7.4 Consequences of termination. In the event of any termination of this EULA for any reason: (a) any licence granted by the Licensor under this EULA shall automatically terminate without further notice, and the End User shall make no further use of, or carry out any other activity in relation to, the Software; and (b) any instalments of the Licence Fee due to be paid after the date of termination shall forthwith become due and payable by the End User, and the Licensor shall be under no obligation to reimburse the whole or any part of the Licence Fee.

7.5 Accrued rights. Termination of this EULA for any reason shall not affect the rights and obligations of the Parties accrued before termination, including any right to claim damages. The rights and obligations of the Parties set out in Clauses 5, 6.8, 6.9, 7.4, 7.5, and 8 shall survive any termination of this EULA for any reason.

8. General
8.1. Amendments. This EULA may only be amended in writing signed by duly authorized representatives of the Licensor and the End User.

8.2. Invalid clauses. If any provision or part of this EULA is held to be invalid, amendments to this EULA may be made by the addition or deletion of wording as appropriate to remove the invalid part or provision but otherwise retain the provision and the other provisions of this EULA to the maximum extent permissible under applicable law.

8.3. No agency. Nothing in this EULA shall create, evidence, or imply any agency, partnership, or joint venture between the Parties. Neither Party shall act or describe itself as the agent of the other, nor shall it make or represent that it has authority to make any commitments on the other’s behalf.

8.4. Interpretation. In this EULA: (a) references to persons include incorporated and unincorporated persons and references to the singular include the plural and vice versa; (b) references to Clauses and Exhibits mean clauses of, and exhibits to, this EULA; (c) references in this EULA to termination include termination by expiry; and (d) where the word “including” is used it means “including without limitation”.

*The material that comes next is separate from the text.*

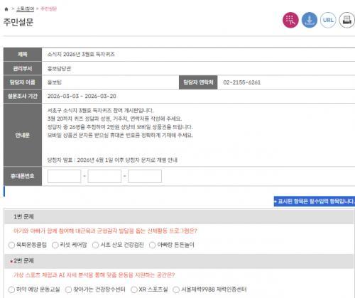 [서울특별시 서초구..] 소식지 2026년 3월호 독자퀴즈 경품이벤트!! 26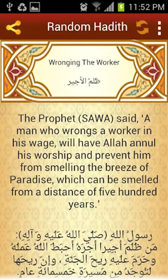 3. Ability to share hadiths through text messaging, email, pasteboard copying.

8.5. Governing law and jurisdiction. The validity, construction, and performance of this EULA shall be governed by and construed in accordance with the laws of the Republic of Germany shall be subject to the exclusive jurisdiction of the courts of the Republic of Germany to which the Parties hereby submit.

8.6. No use of names, etc. Neither Party shall use the names, marks, trade names, trade marks, crests, logos, or registered images of the other Party without that Party’s prior written consent.

8.7. Entire agreement. This EULA, including the attached Exhibits, sets out the entire agreement between the Parties relating to its subject matter and supersedes all prior oral and written agreements, arrangements, or understandings between them relating to such subject matter.